Now, important actors from Argentine provinces and Chilean regions meet every year in Integration Committees, in order to propose and plan international crossings, railroads, productive projects and university policies.
We have also begun to carry out joint missions in Asian and European countries, in order to sell our products or seek out access to new technology.
We have overcome the conflict hypothesis that led to mutual confrontation for 100 years, and in its place, we established exemplary mechanisms of openness in military spending, defense policies and military development, which have served as a model for many other countries in the region.
Since we have been persistent in this new era, we have now been able to propose more ambitious cooperation objectives, in order to come together to build a safer region and world. We would not have even been able to imagine this a short time ago.
For the first time in our recent history, we have been able to contribute at a regional level to solving a severe crisis in Haiti, which required the intervention of major powers.
Now, we have begun a process of creating institutions to guarantee the survival of this progress, with the first-ever Chilean-Argentine joint peacekeeping force.
We have increased trade among our economies. Our trade balance reached almost 5.4 billion US dollars in 2005.
We have also massively increased the amount of investment among our countries.
Chilean impresarios have begun close to 15 billion dollars’ worth of projects in 15 out of the 23 Argentine provinces.
In 2004, Chilean businesses in Argentina paid 1.2 billion dollars in taxes, exported 570 million dollars’ worth of goods and directly created 33,000 jobs, along with indirectly creating 46,000.
Meanwhile, Argentina has become the third-largest market for Chile’s exports, after the United States and Brazil, and Chile has become the sixth-largest market for Argentine exports.
The merit of Argentina and Chile, or, I should say, Argentines and Chileans, lies in the fact that we stopped seeing each other as adversaries and learned to look at each other as allies and friends.
We are met with the challenge of regional integration just at a time when we have built up mutual trust and learned to move forward in a mutually beneficial way.
My Argentine friends, members of Congress:
Today I come to this Congress—the expression of the free will of millions of Argentine men and women, to propose to you that we reinforce our commitment. Let us speed up the construction of roads connecting the coasts of the continent; let us make the circulation of people, capital and goods between our two countries easier; let us make the southern cone of Latin America—a space we exclusively share for close to 3,000 km—an emblem of cooperation between the two most dynamic oceanic basins of the 21st century: the Atlantic and the Pacific.

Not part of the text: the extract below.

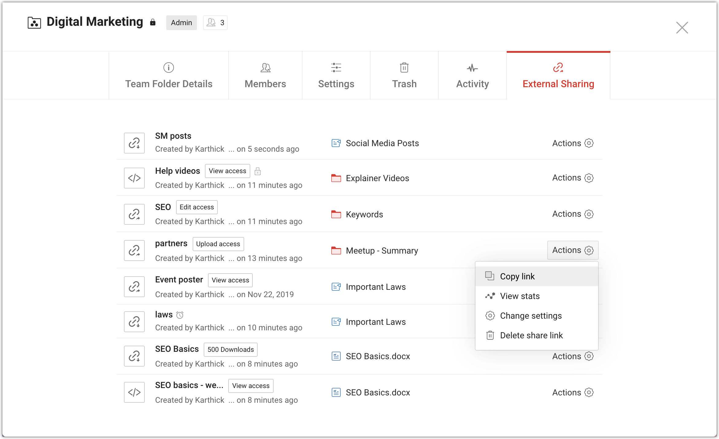 团队文件夹中的管理员和组织者可以在一个位置查看和管理其所有外部共享链接、下载链接和嵌入代码。这将有助于他们轻松监控所有对外共享的文件和文件夹。
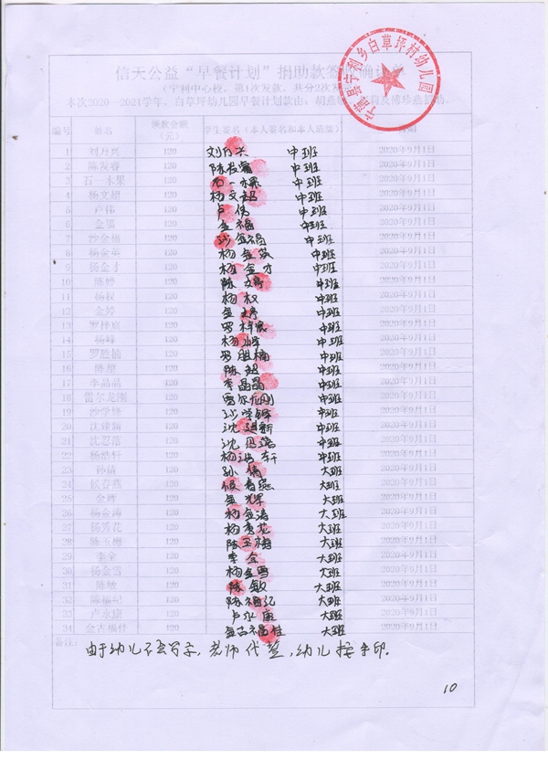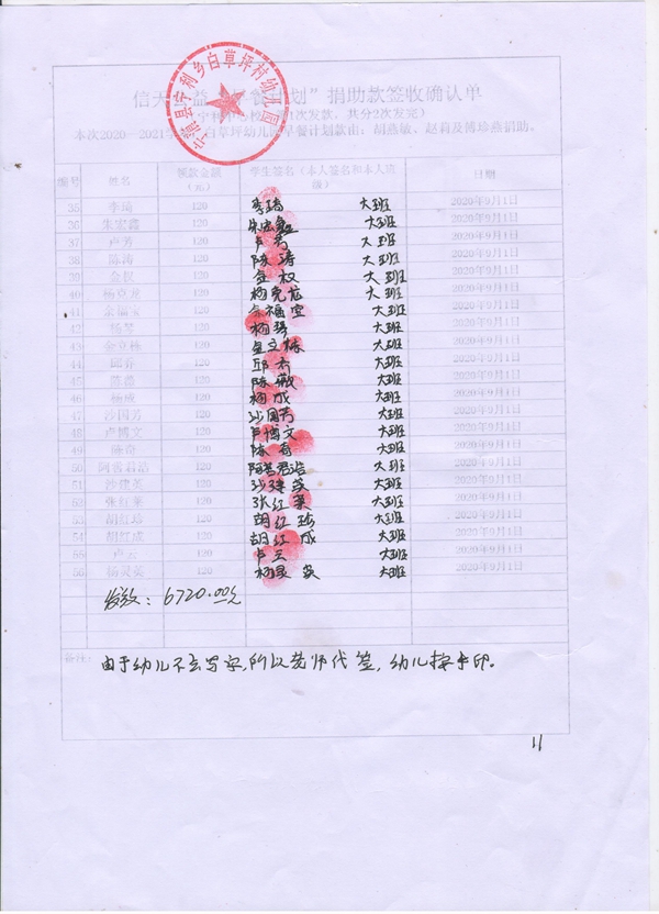 白草坪幼儿园,2020-2021年早餐计划第一次发款签收单

I will conclude my speech here by talking about the future of the relationship between Argentina and Chile.
Let us put the conflict hypothesis that divided us in the 20th century behind us. Our economies are increasingly more interdependent, and we are building up a strategic alliance.

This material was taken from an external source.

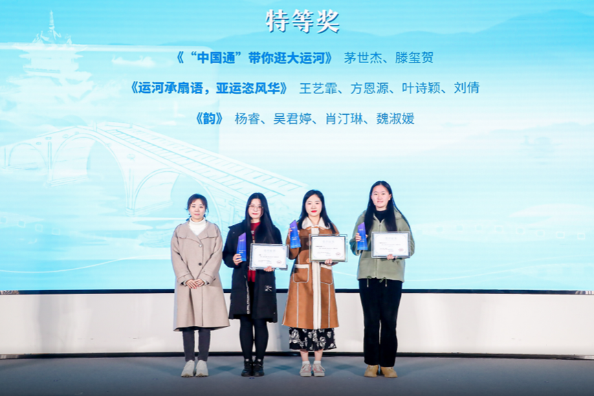 在“UP!我的新时代·SHU说大运河”——“迎亚运盛会 展运河古韵”短视频大赛中,我校王艺霏团队作品《运河承扇语,亚运恣风华》荣获特等奖,谭欣团队作品《运见拱墅》荣获一等奖,另有5项作品荣获二等奖,13项作品荣获三等奖。周晓晶、陈星宇荣获“青年拍客”荣誉称号。
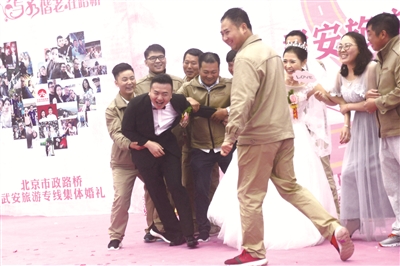 5月19日下午,距离北京500公里之外的河北武安,时紧时缓的细雨并不能阻碍武安旅游专线项目部6对新人的幸福之路。在雨中,他们和集体婚礼的司仪一遍一遍演练着婚礼程序和各自要发表的誓言。

Let us not lose perspective on this moment. We achieved independence only because we were able to unite in the face of common challenges that confronted us at the time.
Later there was a prolonged period in which we built up our own national states and became distant. And, as I said, in recent years we have returned to the path forged for us by San Martín and O’Higgins.

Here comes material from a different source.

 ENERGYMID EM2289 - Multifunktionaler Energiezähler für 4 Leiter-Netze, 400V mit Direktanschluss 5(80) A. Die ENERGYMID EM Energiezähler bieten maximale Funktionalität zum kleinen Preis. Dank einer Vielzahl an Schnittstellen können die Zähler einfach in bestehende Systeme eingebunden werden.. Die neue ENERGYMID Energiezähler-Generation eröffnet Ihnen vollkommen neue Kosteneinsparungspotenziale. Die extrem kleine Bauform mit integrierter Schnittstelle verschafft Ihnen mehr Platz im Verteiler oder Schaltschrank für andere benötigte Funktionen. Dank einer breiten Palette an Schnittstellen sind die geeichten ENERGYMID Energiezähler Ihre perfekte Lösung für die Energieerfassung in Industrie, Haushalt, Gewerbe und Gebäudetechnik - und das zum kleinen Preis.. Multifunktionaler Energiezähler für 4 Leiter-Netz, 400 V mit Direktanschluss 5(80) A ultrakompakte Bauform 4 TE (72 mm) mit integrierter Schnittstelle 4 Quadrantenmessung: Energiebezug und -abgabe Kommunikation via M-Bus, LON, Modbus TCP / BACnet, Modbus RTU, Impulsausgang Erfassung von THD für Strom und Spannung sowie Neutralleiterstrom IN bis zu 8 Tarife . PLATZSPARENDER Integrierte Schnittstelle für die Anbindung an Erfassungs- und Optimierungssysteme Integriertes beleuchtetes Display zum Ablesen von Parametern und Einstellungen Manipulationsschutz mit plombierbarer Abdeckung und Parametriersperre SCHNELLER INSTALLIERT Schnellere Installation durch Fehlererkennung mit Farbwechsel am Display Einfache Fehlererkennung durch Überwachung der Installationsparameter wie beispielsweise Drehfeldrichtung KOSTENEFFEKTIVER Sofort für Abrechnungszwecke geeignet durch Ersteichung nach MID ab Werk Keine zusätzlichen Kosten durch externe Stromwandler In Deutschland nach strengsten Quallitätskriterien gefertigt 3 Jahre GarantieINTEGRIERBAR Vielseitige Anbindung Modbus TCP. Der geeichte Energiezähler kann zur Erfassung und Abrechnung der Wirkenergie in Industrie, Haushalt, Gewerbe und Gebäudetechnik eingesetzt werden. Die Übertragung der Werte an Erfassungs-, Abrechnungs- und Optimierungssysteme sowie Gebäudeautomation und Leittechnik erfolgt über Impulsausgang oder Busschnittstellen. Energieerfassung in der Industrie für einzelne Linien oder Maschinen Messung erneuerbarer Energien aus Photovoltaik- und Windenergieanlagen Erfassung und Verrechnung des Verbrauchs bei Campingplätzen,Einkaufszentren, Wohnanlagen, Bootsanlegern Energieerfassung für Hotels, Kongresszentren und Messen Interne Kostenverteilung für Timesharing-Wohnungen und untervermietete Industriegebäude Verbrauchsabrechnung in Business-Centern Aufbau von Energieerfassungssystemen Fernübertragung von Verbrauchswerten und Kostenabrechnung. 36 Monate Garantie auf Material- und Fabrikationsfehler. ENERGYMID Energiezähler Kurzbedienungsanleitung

That is why as I take office as President of the Republic of Chile, I wanted to make my first international gesture by coming here, crossing the Andes that unite us and propose to you and the people a strategic alliance, in order to continue along the path begun by our forefathers. This time we will have a different task: our common hope of destroying poverty and social exclusion, strengthening democracy and uniting our forces in the construction of a more egalitarian, humane and democratic globalization.
Viva Argentina, and viva Chile! Thank you very much.